In Blok’s Neznakomka (“Incognita,” 1906) p’yanitsy s glazami krolikov (the drunks with the eyes of rabbits) cry out: “In vino veritas!” At the beginning of Ada Van mentions Dr Krolik, Ada’s teacher of natural history:

 

'I deduce,' said the boy, 'three main facts: that not yet married Marina and her married sister hibernated in my lieu de naissance; that Marina had her own Dr Krolik, pour ainsi dire; and that the orchids came from Demon who preferred to stay by the sea, his dark-blue great-grandmother.'

'I can add,' said the girl, 'that the petal belongs to the common Butterfly Orchis; that my mother was even crazier than her sister; and that the paper flower so cavalierly dismissed is a perfectly recognizable reproduction of an early-spring sanicle that I saw in profusion on hills in coastal California last February. Dr Krolik, our local naturalist, to whom you, Van, have referred, as Jane Austen might have phrased it, for the sake of rapid narrative information (you recall Brown, don't you, Smith?), has determined the example I brought back from Sacramento to Ardis, as the Bear-Foot, B,E,A,R, my love, not my foot or yours, or the Stabian flower girl's - an allusion, which your father, who, according to Blanche, is also mine, would understand like this' (American finger-snap). (1.1)

 

Demon Veen is a gambler. The characters of Dostoevski’s Igrok include Blanche, a Parisian courtesan who helps the young man of the story to spend his fabulous win.

 

At the beginning of The Corsair (1814) Byron mentions “the dark-blue sea:”

 

O'er the glad waters of the dark blue sea,
Our thoughts as boundless, and our souls as free,

Far as the breeze can bear, the billows foam,
Survey our empire and behold our home! (Canto One)

 

In his poem K moryu (“To the Sea,” 1824) Pushkin speaks of Napoleon’s and Byron’s deaths and says that Byron was a bard of the sea (on byl, o more, tvoy pevets).

 

At Van’s first tea party in Ardis Marina (Van’s, Ada’s and Lucette’s mother) mentions Queen Josephine and Dostoevski:

 

Price, the mournful old footman who brought the cream for the strawberries, resembled Van's teacher of history, 'Jeejee' Jones.

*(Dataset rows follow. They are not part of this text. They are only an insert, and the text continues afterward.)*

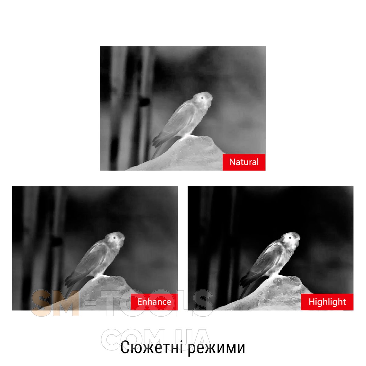 Для эффективного обнаружения цели в тепловизионном монокуляре Guide TA425 предусмотрено четыре варианта цветовых палитр: White Hot, Black Hot, Red Hot, Green Hot, и три вида сюжетных режимов – Enhanced, Highlight, Natural.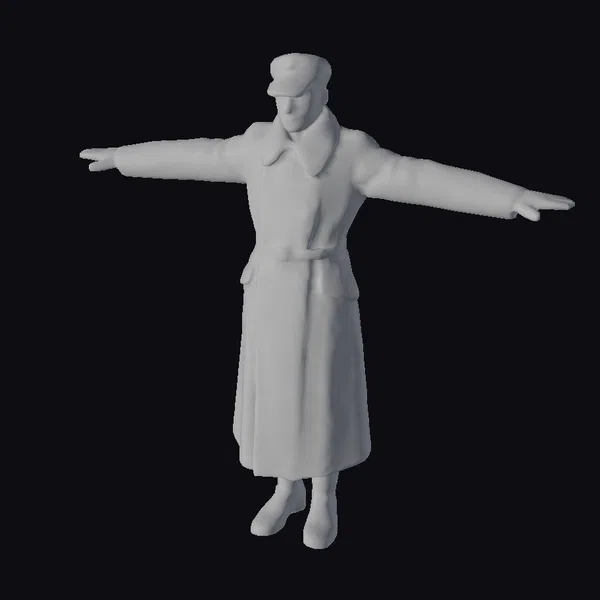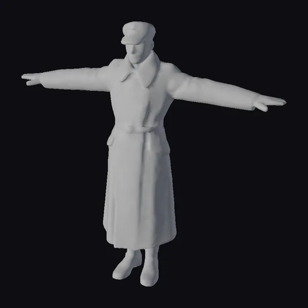 The Model “Military Man in Coat” is also available upon request in many other 3D formats, such as 3MF, BLEND, FBX, OBJ, USDZ and others, making it easy to integrate into your project.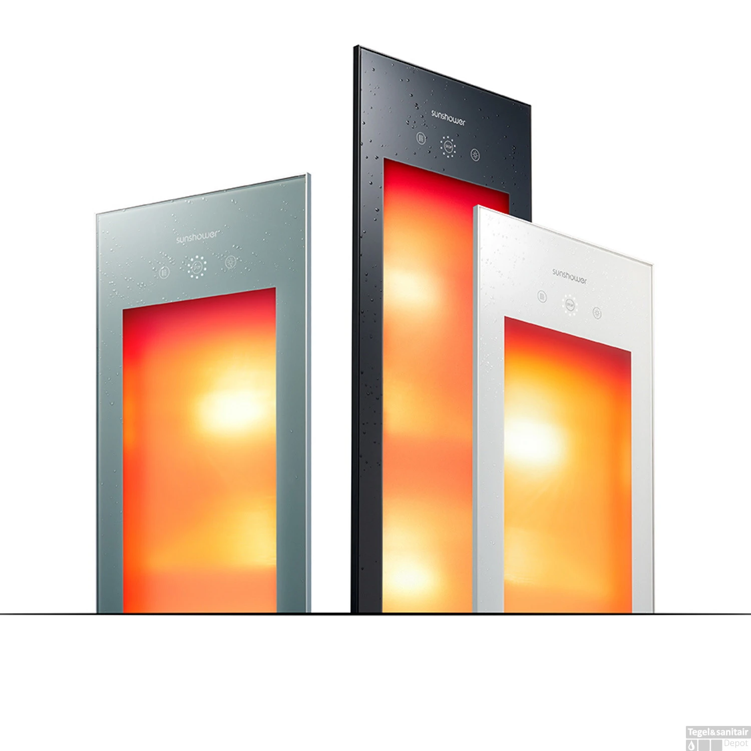 De Sunshower Pure 2.0 Organic Grey is een half body apparaat met een korte golf infrarood lamp van 1250W. Het apparaat wordt volledig weggewerkt in de wand. De Sunshower Pure 2.0 Organic Grey is afgewerkt met een gezandstraald glasplaat en heeft een smalle, opstaande aluminium rand.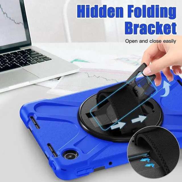 360 Degrees Rotating Stand & Adjustable Hand Strap: On the back side of Case for Tab M11, built-in kickstand can supports your tablet both in horizontal/vertical position and hand strap makes it easy for you to hold the tablet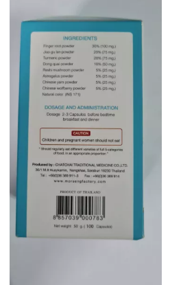 • โคยู-วันกระชายขาวและสมุนไพรอื่นๆ กว่า 20 ชนิด หมอเส็ง เช้า-เย็นครั้งละ 2 แคปซูล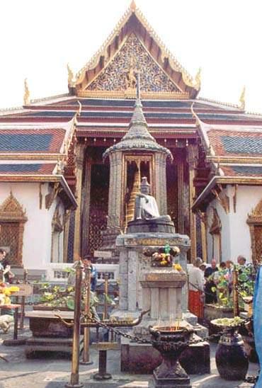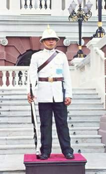 Королевский дворец – состоит из трех маленьких дворцов, наподобие матрешки и составляют одно целое. Что бы попасть во второй двор нужно пройти арку-ворота. На входе вас встречает статуя Будды в сари, цвет которой, зависит от какой на этот момент с сезон, и менять ее имеет право только король. Во внутренний двор вход зарыт, так как там находятся апартаменты самого короля Таиланда, где он останавливается приезжая в Бангкок. Но здания можно увидеть и через ворота.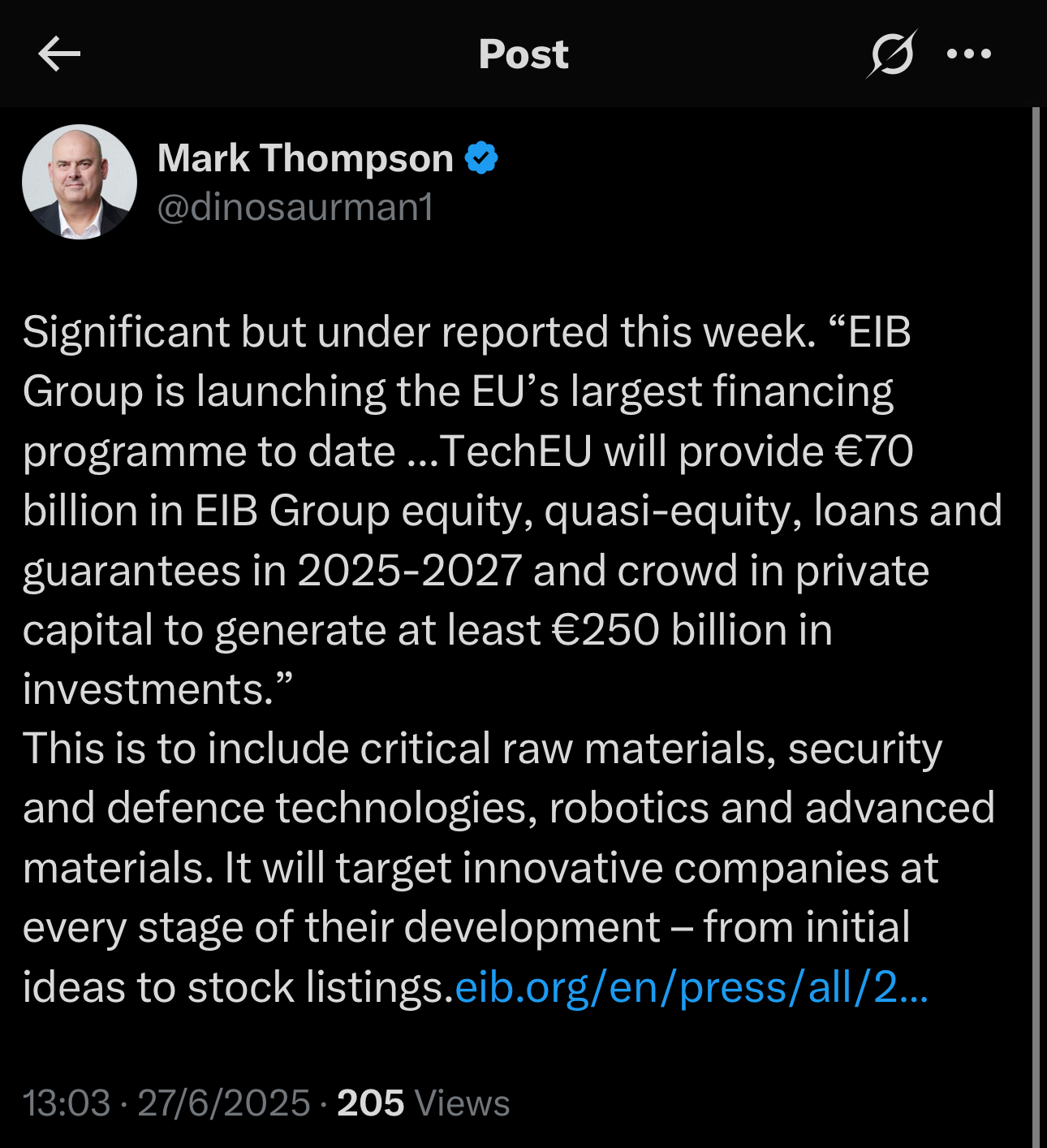 @Semmel this is why I'm expecting FID won't come soon. Also the EU just passed legislation this week allowing state aid for green Net Zero Industry projects. Ebba Busch was also talking up spending of 3.5% of GDP on military, and an additional 1.5% on military support (I'm reading it as things like battery materials for example).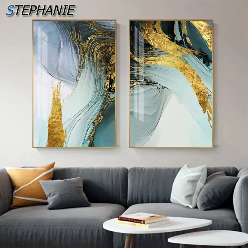 Modern Abstract Green Gold Foil Canvas Art Fashion Blue Poster And
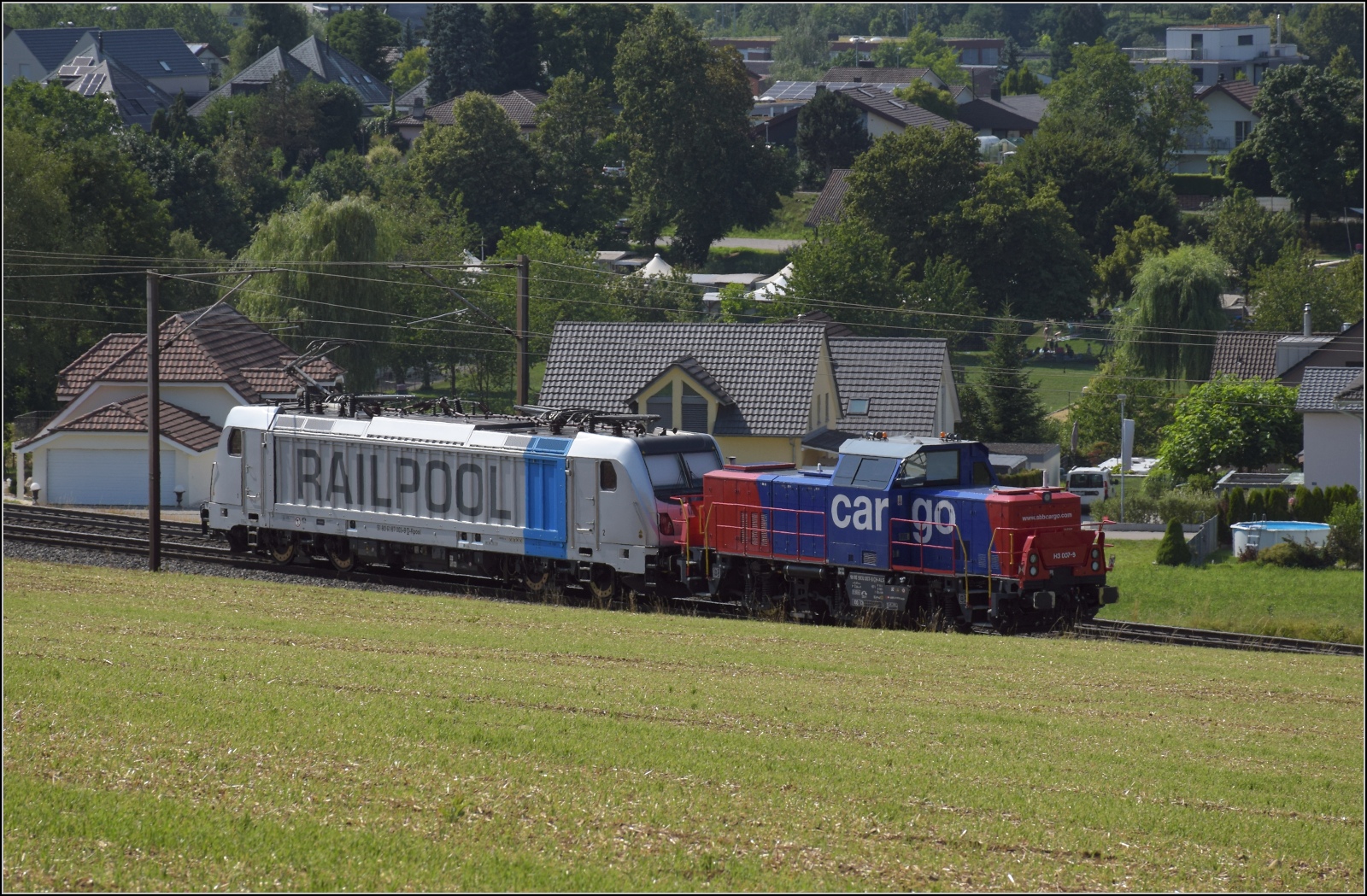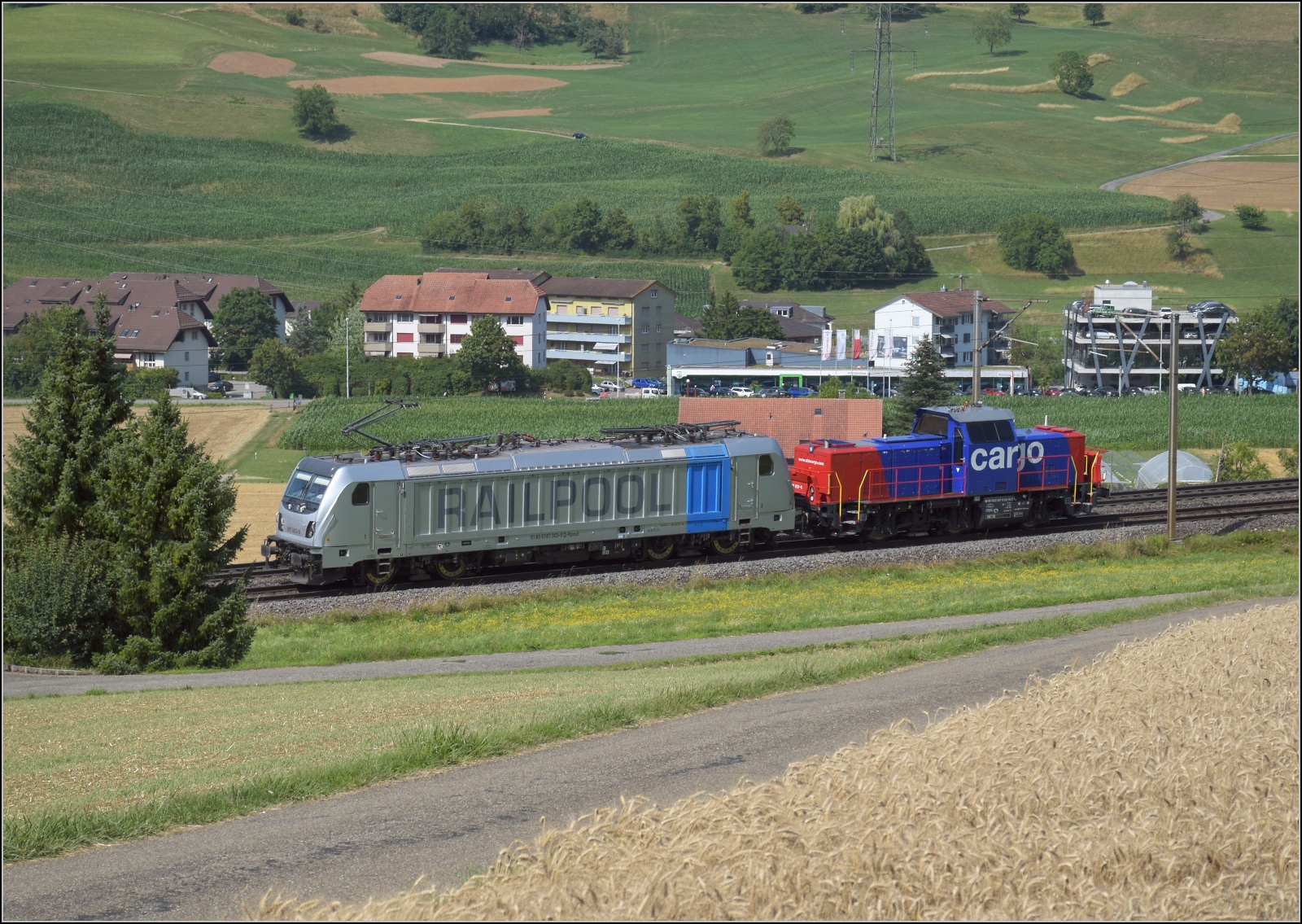 187 002 von Railpool, dahinter kalt 186 104 unterwegs Richtung Brugg noch nördlich von Frick.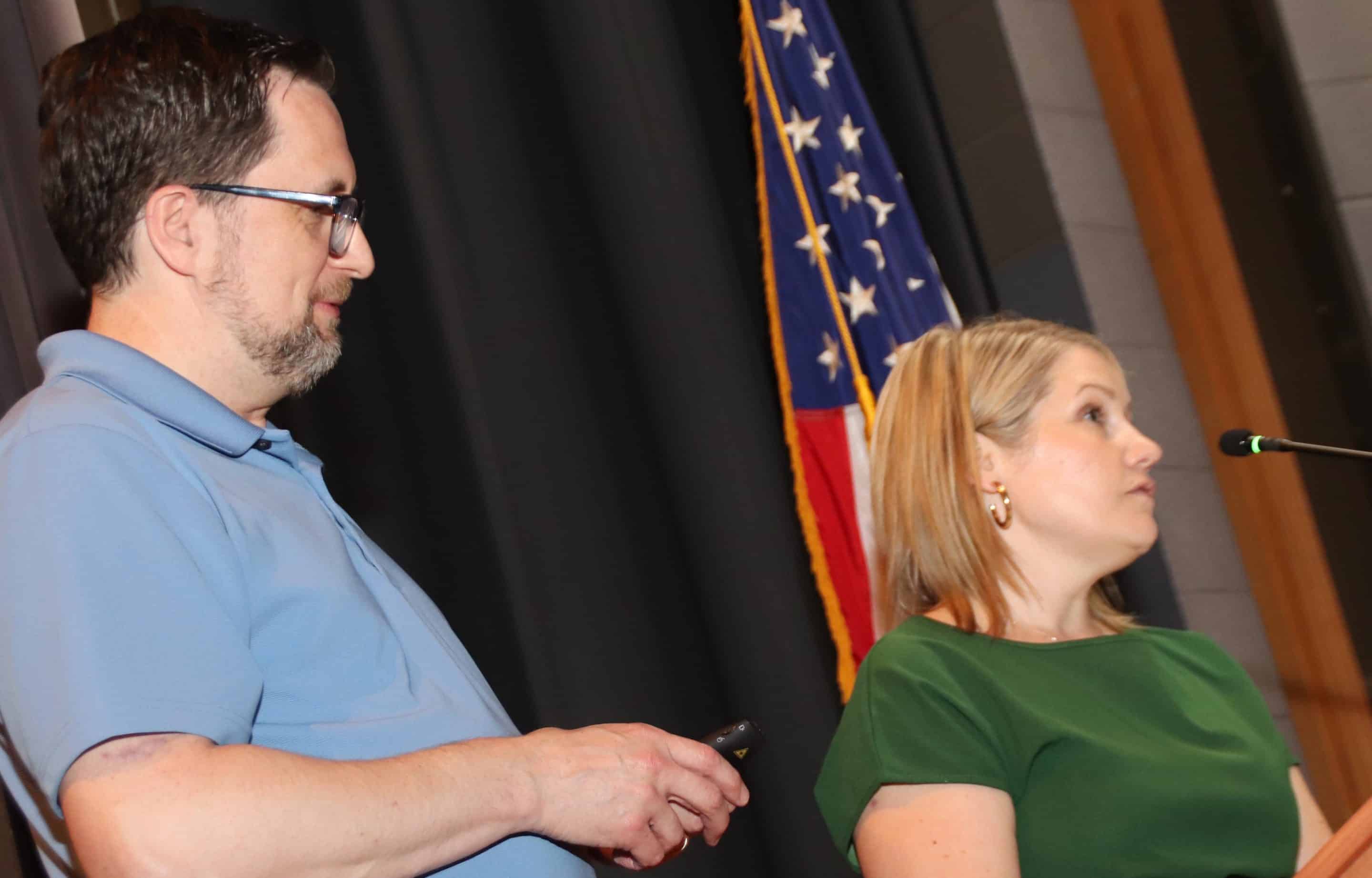 Mary Lynn Hunter, a literacy coach, and Nikali Benkert, a calculus teacher and math instructional coach, made a short presentation about the team’s work at the School Committee’s May 14 meeting.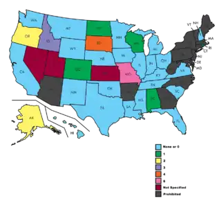 Payday lending is legal in 27 states, with 9 others allowing some form of short term storefront lending with restrictions. The remaining 14 and the District of Columbia forbid the practice.[16] Some states have aggressively pursued lenders they felt violate their state laws.[17][18]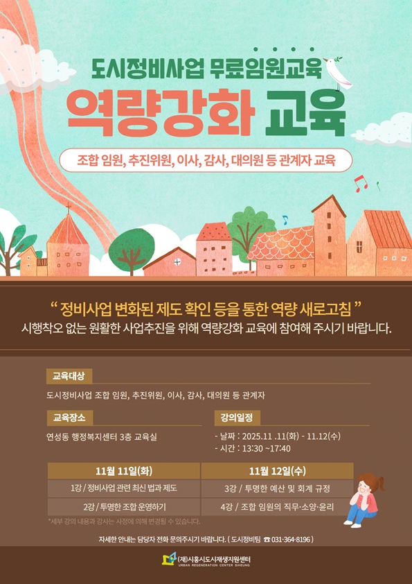 ![]() 시흥시(시장 임병택)와 (재)시흥시도시재생지원센터(센터장 김학민)는 ‘2025 도시정비사업 임원 등 역량강화 교육’을 오는 11월 11일(화)과 11월 12일(수) 이틀에 걸쳐 연성동 행정복지센터 3층 교육실에서 오후 1시 30분부터 하루에 4시간씩 총 8시간 운영한다. 이번 교육은 지난해에 이어 두 번째 추진되는 프로그램으로 도시정비사업에 참여하는 임원 및 관계자의 실무 역량 및 윤리의식을 제고하여 투명하고 원활한 사업 추진 기반을 마련하기 위해 계획되었다. 관내 도시정비사업(재건축, 재개발, 가로주택정비사업 등) 조합 조합장 등 임원 및 대의원, 추진위원회 위원장 및 감사, 추진위원 등 관계자라면 별도의 신청 없이 자유롭게 참여할 수 있다. 본 교육은 도시정비사업 관련 최신 동향, 투명한 조합 운영, 투명한 예산과 회계, 조합 임원의 직무·소양·윤리 등 조합원 신뢰 제고를 위해 꼭 알아야 할 실용 정보를 중심으로 구성됐다. 센터는 도시정비사업 임원 등에 대한 지속적인 교육을 통해 재개발・재건축 등 정비사업의 투명성과 전문성을 강화하여 신속하고 효율적으로 사업이 추진될 수 있기를 기대하고 있다. 도시정비사업 관련 교육에 대한 문의는 (재)시흥시도시재생지원센터 도시정비팀으로 문의하면 된다. ☎ 문의 : (재)시흥시도시재생지원센터 도시정비팀 031-364-8196 |

'He resembles my teacher of history,' said Van when the man had gone.

'I used to love history,' said Marina, 'I loved to identify myself with famous women. There's a ladybird on your plate, Ivan. Especially with famous beauties - Lincoln's second wife or Queen Josephine.'

'Yes, I've noticed - it's beautifully done. We've got a similar set at home.'

'Slivok (some cream)? I hope you speak Russian?' Marina asked Van, as she poured him a cup of tea.

'Neohotno no sovershenno svobodno (reluctantly but quite fluently),' replied Van, slegka ulïbnuvshis' (with a slight smile). 'Yes, lots of cream and three lumps of sugar.'

'Ada and I share your extravagant tastes. Dostoevski liked it with raspberry syrup.'

'Pah,' uttered Ada.

 

Josephine Beauharnais was Napoleon’s first wife. It seems that Napoleon (the Emperor of France) did not exist on Antiterra. Grace Erminin (Greg’s twin sister) marries a Wellington (2.6). Duke of Wellington (who opposed Napoleon in the Battle of Waterloo) is a character in Aldanov’s “A Soldier’s Grave” (the title was borrowed from Byron’s last poem, On this Day I Complete my Thirty-Sixth Year, 1824).